CAIRO — Egypt’s military-led government built three new walls of heavy concrete blocks surrounding Egypt’s Interior Ministry on Sunday. But they failed to stop a fourth night of violent clashes between security forces and protesters demanding an end to military rule.
By late Sunday n
ight, the fighting in the streets of the capital had grown more intense than at any time since it began after a deadly riot at a soccer match on Wednesday night. Thousands of protesters alternately scurried and swarmed through the streets, hurling rocks and Molotov cocktails at rows of riot police officers.
The police chased protesters through the streets in at least three armored personnel carriers. They filled several blocks with thick clouds of tear gas, and walked through the white smoke blasting fleeing protesters with rubber bullets and birdshot.
The escalating violence raised new questions about the government’s ability to control the fighting, in part because it showed the failure of what has become the military’s favorite tactic in crowd control.
The military ultimately halted two previous outbreaks of street fighting, in November and December, by erecting 24-foot-tall concrete barriers bisecting streets leading from the symbolic center of the protests, Tahrir Square, to their most despised target, the Interior Ministry.
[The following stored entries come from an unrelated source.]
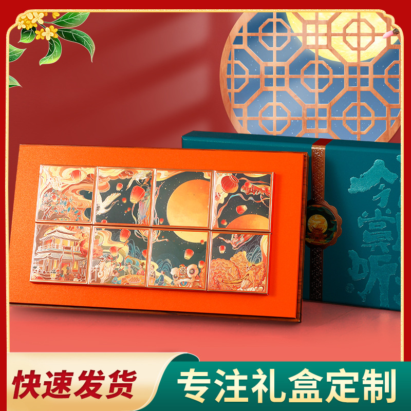 ハイエンド中秋月餅ギフトボックス天地蓋書型手提げマグネット月餅包装ギフトボックス8個入り空箱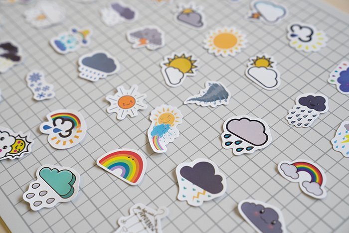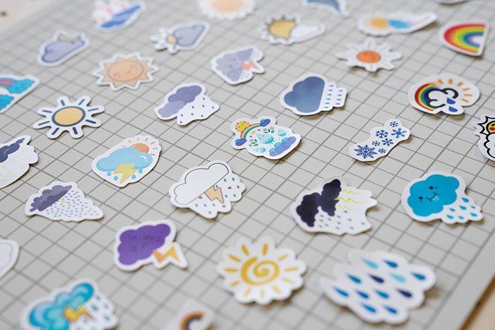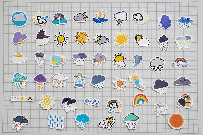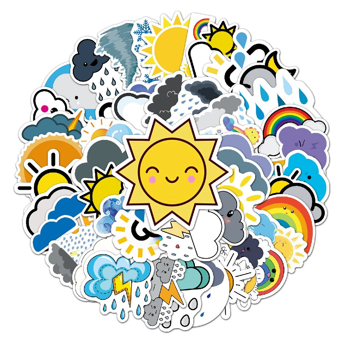 【ステッカー】全50枚・お天気 晴れ 曇り 雨 虹 カミナリ 雨のち晴れ 太陽 雪 サイズ:S(小さめ) (送料無料!)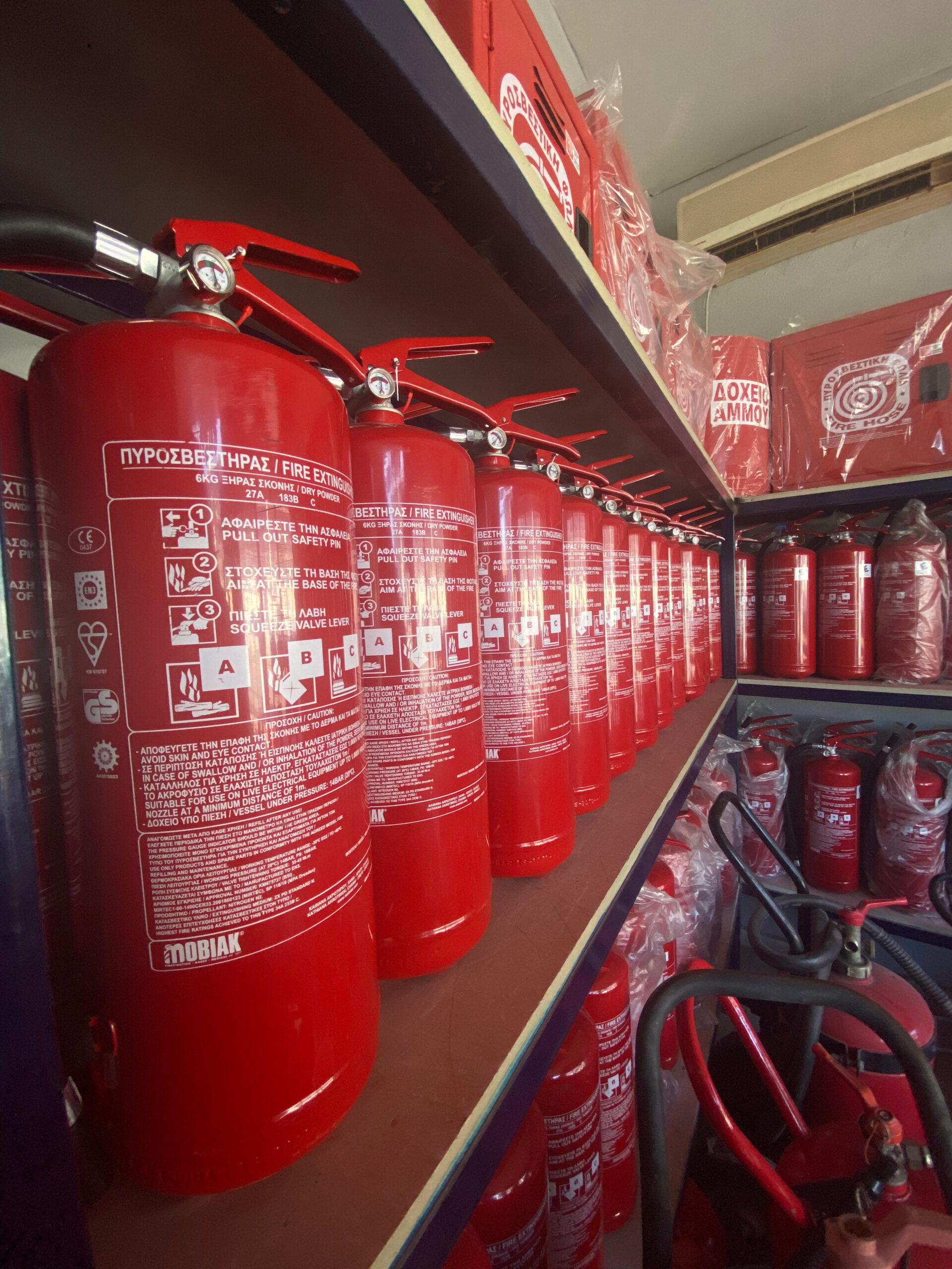 - Φορητοί και τροχήλατοι πυροσβεστήρες ξηράς σκόνης και αφρού.

Before dawn on Sunday, the military erected three more, bringing the total number of walls to eight, including one that was partly toppled in protests this week. Along with the tableau of burned-out buildings and cars, rubble-strewn streets, and a thick dust of settled tear gas, the maze of barriers has completed the picture of a virtual war zone in the heart of the capital.
“It is a beautiful illustration of the poverty of political imagination in Egypt,” said Heba Morayef, a researcher for Human Rights Watch. “This is policy making? Building walls?”
The identity and demands of the protesters continuing to battle the police were also unclear. At the forefront of the violence were die-hard soccer fans, known as ultras, who are convinced that the police bore responsibility for the soccer riot that killed more than 70 fans Wednesday night.
But leaders of Cairo’s ultras, groups dedicated to the capital’s two rival teams, Al Ahly and Zamalek, had said they would not officially join the protests during a period of mourning for those killed in the riots. The ultras who were at the protests were joined by even less organized antagonists who were angry at the police for their own reasons.
All of them called for the end of military rule, often in chants about the execution of the top officer, Field Marshal Mohamed Hussein Tantawi or, more obscenely, about his mother, but even the seasoned political activists who joined the fight did not agree on specific demands about how the military should give up power. Nor was it clear who could negotiate on their behalf to end the street fight.
During a lull in the fighting that prevailed for most of the day Sunday, newly elected members of Parliament, mothers who had lost sons in the fighting, and Muslim religious scholars all came to the scene to try to broker an end to the violence. But as the sun set and the crowds grew, a standoff in front of a line of riot police officers grew increasingly tense, and by about 7:30 p.m. the fight had resumed.